The same answer is properly made to the admission of the books of the firm. No specific objection was presented to the Judge; and it was not his duty without such specification, to examine either the bill or the books, in search of matter which might be incompetent as evidence.
The testimony given by William White, one of the firm of S. P. H. & W. White, at a trial between these parties, at the January term, 1853, was admitted against the plaintiff’s objection. If this testimony was for the purpose of showing that the sale to the plaintiff was in fraud of creditors’ rights, it does not become competent evidence by being under oath, if the statements are objectionable without being so verified. We are not aware, in cases like the present, that the declarations and acts of a vendor, long after the completion of the sale, have been held admissible, for the purpose of defeating the title, which, by a solemn contract, he had passed to, and perfected in, another. If this evidence' was erroneously received, the plaintiff was thereupon entitled to exceptions. It is always the privilege of a party to offer testimony, to repel that of his adversary, notwithstanding the former may have *155been introduced against his objection. And it has never been understood, that the introduction of such rebutting evidence was an abandonment of the right to except to the ruling; and no reason is perceived, why it should be so.
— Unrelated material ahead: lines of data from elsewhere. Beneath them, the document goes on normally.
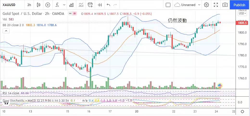 亦有利黃金的升值。金價連升兩周,在新年前夕並沒有重要數據情況下,料將窄幅波動。今日建議波幅1804美元至1815美元。
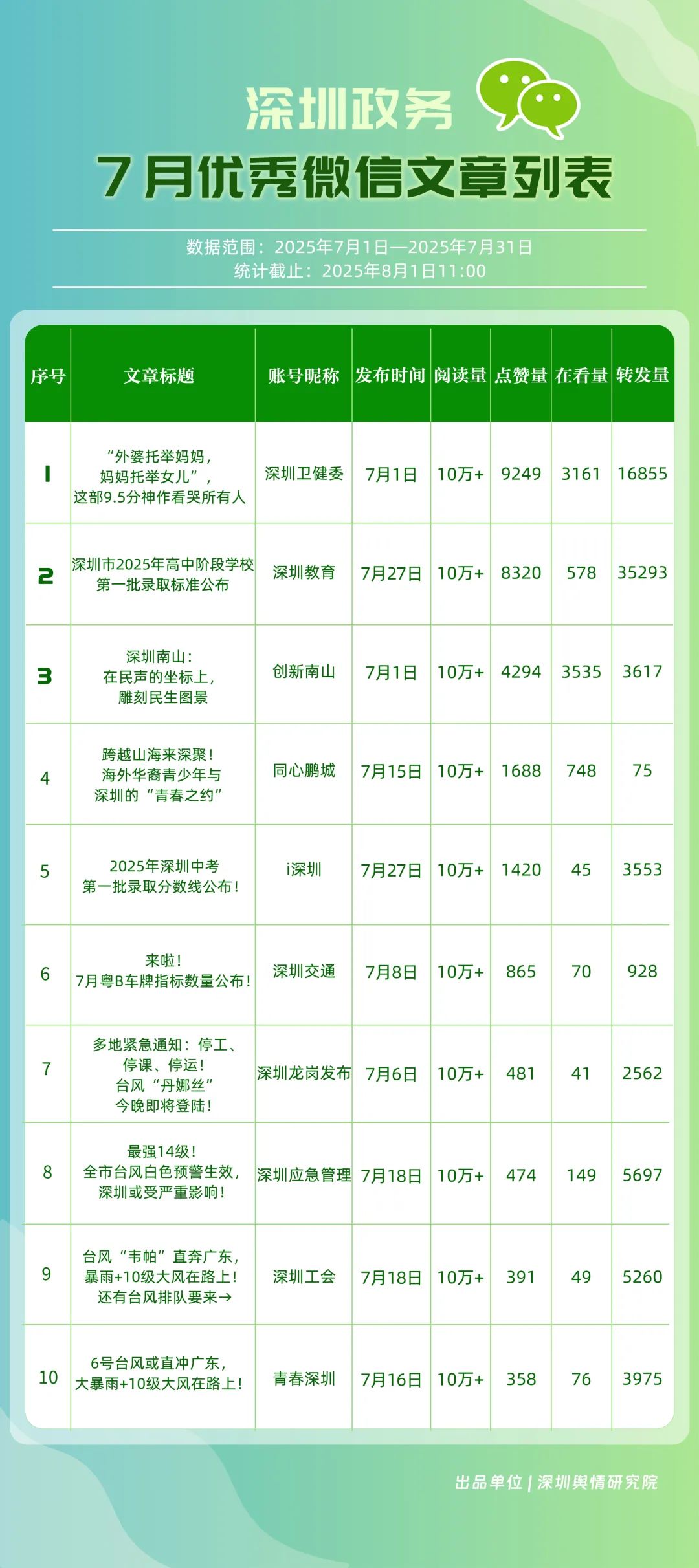 7月,30個政務(wù)微信公眾號入選“深圳優(yōu)秀政務(wù)微信公眾號”榜單,其中包括“深圳衛(wèi)健委”“深圳龍崗發(fā)布”“幸福福田”“創(chuàng)新南山”“i深圳”“深圳教育”“青春深圳”“深圳工會”“深圳光明”“濱海寶安”等。7月,“深圳衛(wèi)健委”內(nèi)容專業(yè)性與傳播力優(yōu)勢穩(wěn)固,整體表現(xiàn)保持較高水平,位于榜首;“深圳龍崗發(fā)布”聚焦民生服務(wù)與區(qū)域活動宣傳,實(shí)現(xiàn)傳播效果提升,位居第二;“幸福福田”表現(xiàn)同樣不俗,排名第三。“創(chuàng)新南山”“深圳教育”“深圳工會”等也積極發(fā)布高質(zhì)量信息與服務(wù)內(nèi)容,能夠較好平衡內(nèi)容“質(zhì)”與“量”,排名有所提升。上榜微信公眾號依托特色優(yōu)勢深耕內(nèi)容創(chuàng)作,將優(yōu)質(zhì)內(nèi)容作為核心支撐,成為政務(wù)傳播領(lǐng)域的優(yōu)秀典范。
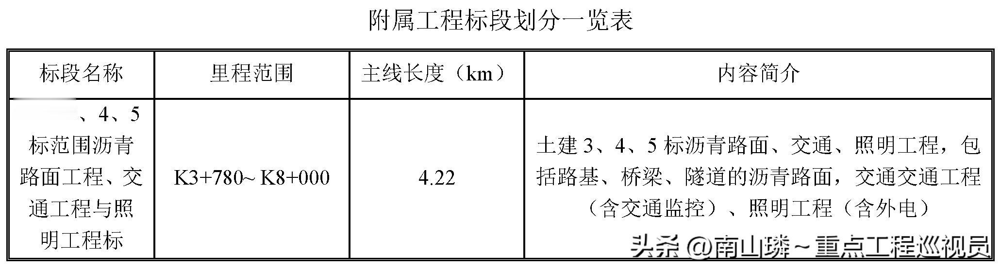 本工程附属工程包括土建3、4、5 标范围沥青路面工程、交通工程与照明工程,共分为1 个标段,具体划分如下:
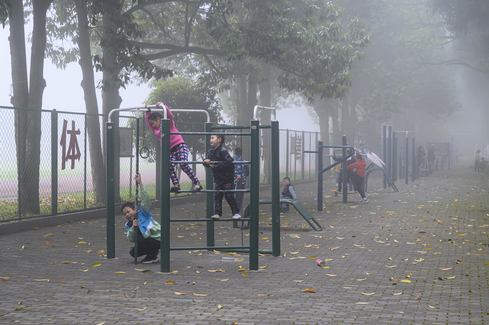2021年4月4日,井冈山市,孩子们在体育馆旁玩耍。
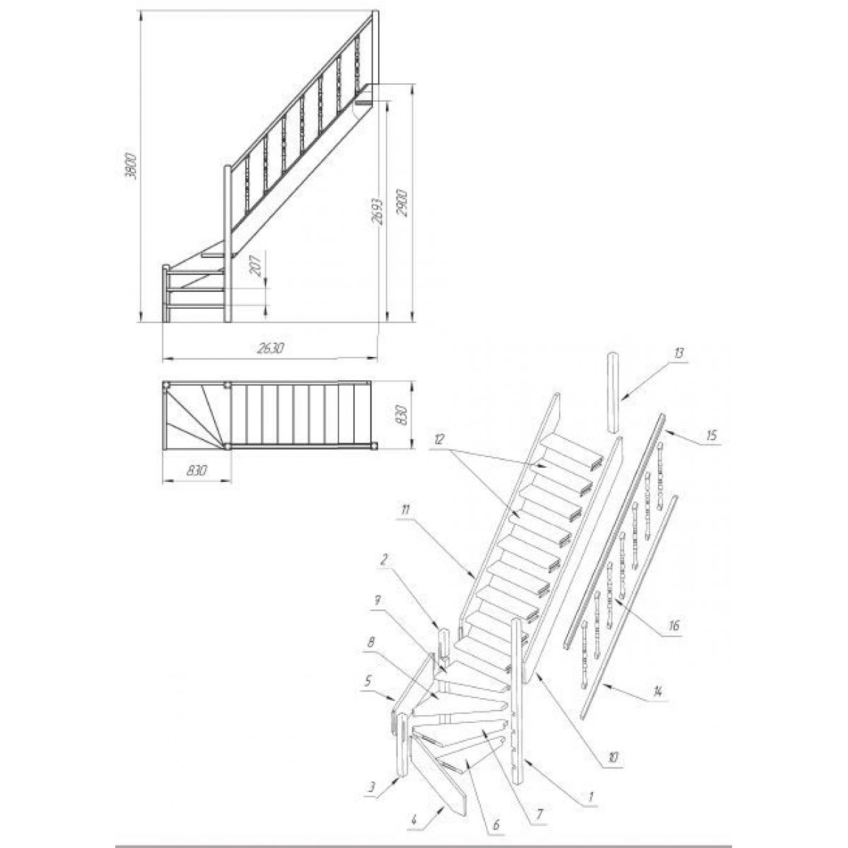 габариты лестницы в плане 2630 х 830 х 3800 мм
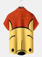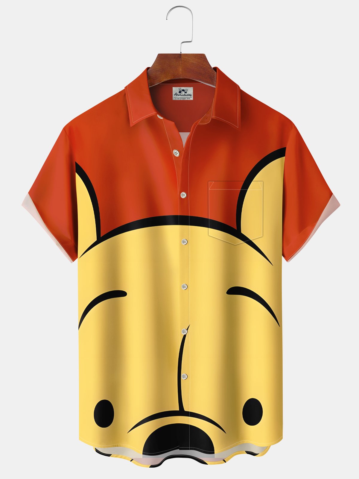 Alohadaddy® Retro Cartoon Bear Colorblock Men's Pocket Hawaiian Short Sleeve Shirt

The introduction of the testimony of Eliza E. Jamerson, it is insisted, was not a ground for disturbing the verdict, because it was wholly immaterial. When the question, which elicited the answer that is the ground of exception was put, the plaintiff made objection thereto. This objection was insisted on at the trial. We think the answer had some tendency to show a relation between the plaintiff and his vendors of the property, touching the intention of one and the other in the transfer, unfavorable to the plaintiff’s claim.
Exceptions sustained, — verdict set aside, and new trial granted.
Rice, Cutting, and Goodenow, J. J., concurred.